How do I search and find non-electronic papers!
March 10, 2009 9:48 AM   Subscribe

How do you search and find academic papers that are in a filing cabinet?

I am looking for something that runs on a mac (similar to endnote but better) that I can use to keep track of and search the academic papers I have stored in a filing cabinet in my office. For pdf's I use spotlight to search and skim to anotate but I no longer have any system to deal with papers that I only have in hard copy. Does anyone have any suggestions? How do other people do this?
posted by kechi to Computers & Internet (14 answers total) 10 users marked this as a favorite
Get them out of the filing cabinet and use Papers: Your Personal Library of Science! It's exactly as you say: similar to endnote but better. Ideally, you should be scanning these papers in and making PDFs out of them (the SnapScan scanners are good for this purpose), but you can also use it to manage citations only (use the notes field to denote the physical location of the paper in your cabinet).

(No relation to the Papers people, just a huge fan)
posted by zachlipton at 9:55 AM on March 10, 2009 [1 favorite]

Seconding Papers. As a grad student, it has quite literally changed my life.
posted by peacheater at 9:58 AM on March 10, 2009

Our copier has an integrated scanner/PDF generator. If you have access to one that's similar, it would only be a few hour's work to digitize them.

If that's not an option, spend a day creating a text file (or spreadsheet) with author, title, journal and some keywords for each paper. Then, store the papers in alphabetical order by first author.

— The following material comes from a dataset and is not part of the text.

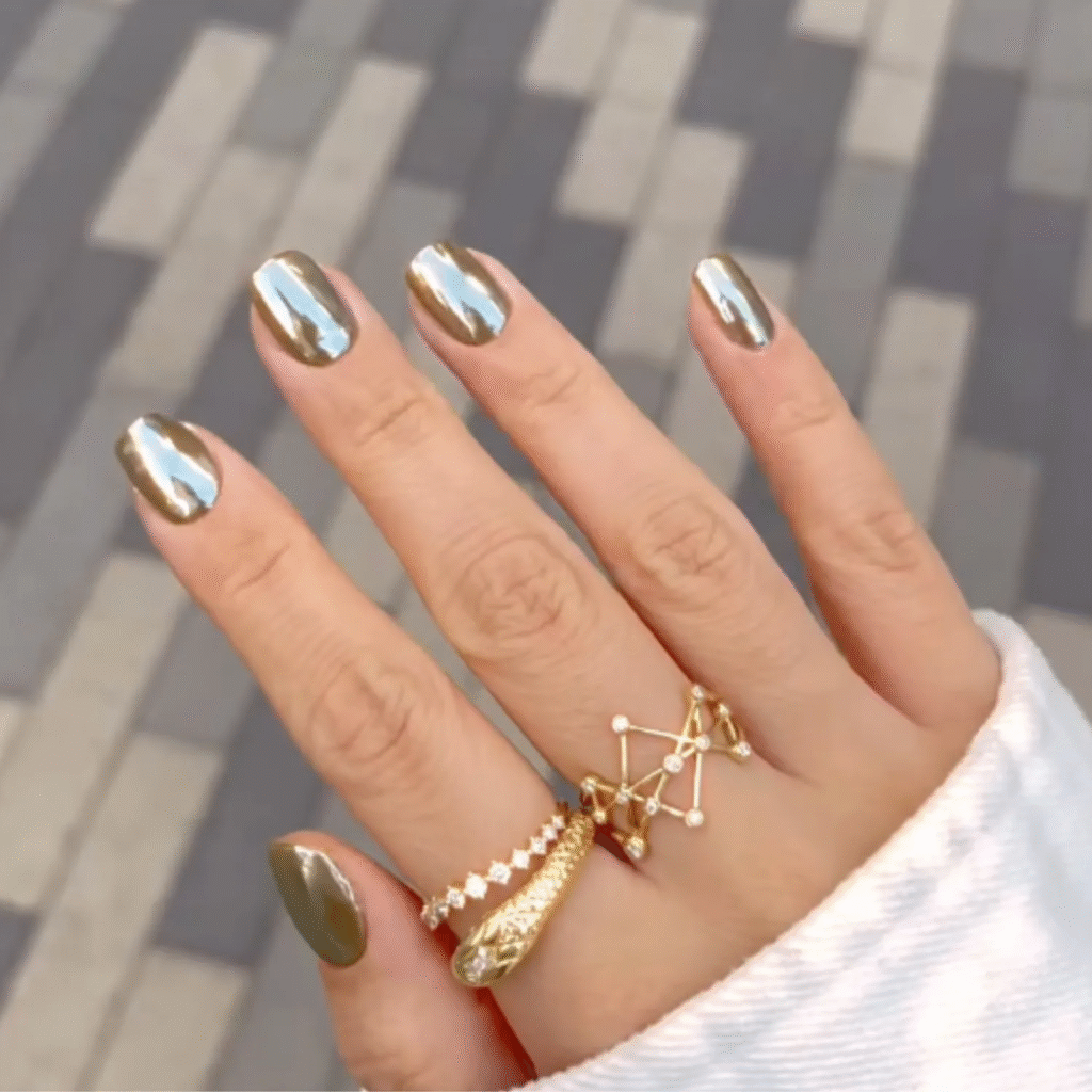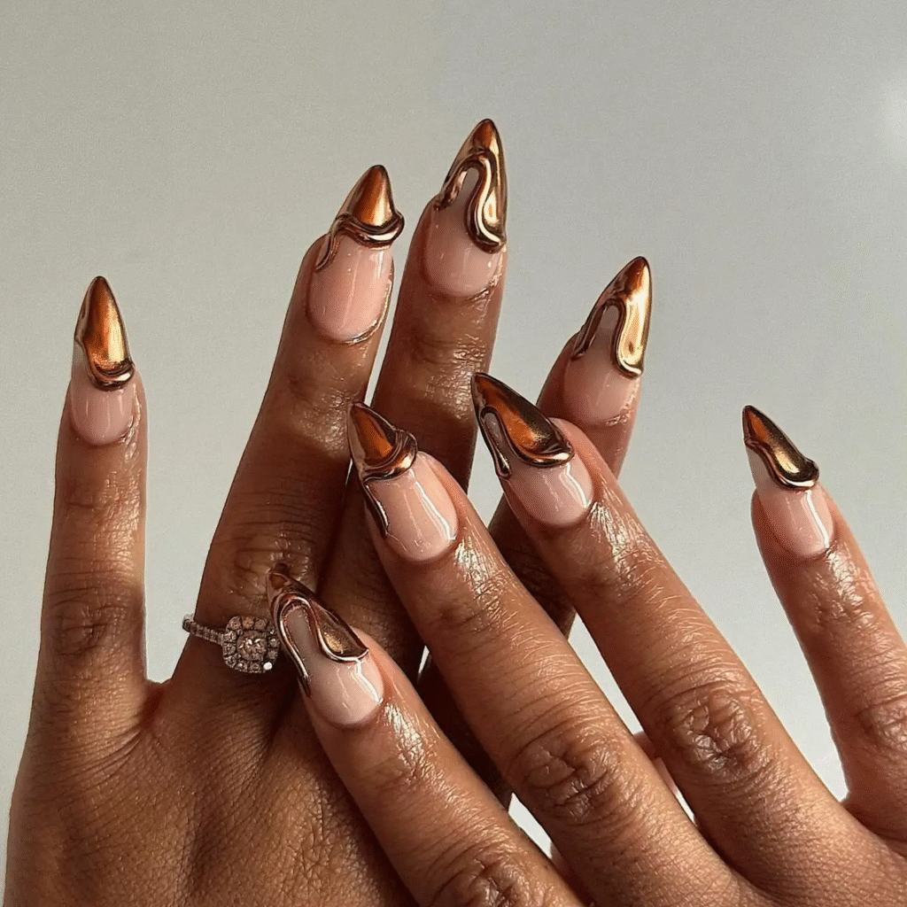 If you’re still loving the metallic chrome trend, bronze chrome nails are a perfect fall pick. This coppery metallic polish brings together both the cozy autumn feel and the shine of futuristic designs. It’s the best of both worlds!

At least your index will be searchable.
posted by chrisamiller at 9:59 AM on March 10, 2009

I would use bibdesk for this, and use the annote function (or maybe make a custom field) for storing this information. The benefit is that it can also organize PDFs and do thing like tagging, for you as well, and if you ever start using LaTeX, it directly uses the bibtex format. It is a really great program even if you don't use LaTeX. In practice I just keep my hard-copy papers alphabetized by author, try to remember what I have in hard copy and what I don't, and add PDFs to my bibdesk database at any chance I get.
posted by advil at 10:00 AM on March 10, 2009

The only system that works for filing hard copy papers is to do it alphabetically by author. Keep any other sort of index to your printed papers on your computer. Do not attempt to construct a subject-based classification of papers. It will not work. You have been warned.
posted by grouse at 10:05 AM on March 10, 2009 [4 favorites]

Scan them to PDF and then use DevonThink. The proportion of DevonThink's userbase that is academic/scientific is unusually large. This is exactly what DT is designed for.
posted by webhund at 10:11 AM on March 10, 2009

I also use Papers and adore it. I have some older articles still in files, things that were not available online at the time I needed them. I still haven't scanned them in but I use Papers to keep track of their citation information (including keywords, and sometimes abstract if that was available online).

Every now and then when I'm searching my Papers it will bring up as meeting my criteria one of these articles. I let Papers try to find an online copy, and it's frequently able to (the back issues stored on JSTOR are massive now). Otherwise, they're stored alphabetically by author in the filing cabinet so it's easy to find them.
posted by hydropsyche at 10:25 AM on March 10, 2009

I would also recommend Papers. Even if you don't have an electronic copy of an article, you can still download the abstract or citation and store it in papers. From there Papers can create "smart folders" (like iTunes "smart playlists") where all papers with a specific keyword will appear in that folder, and you also have the option of creating manual folders. A Papers paper can be in multiple folders, just like a song can be in multiple playlists, but perhaps for your own organization the Papers electronic folder can equal a folder in your filing cabinet.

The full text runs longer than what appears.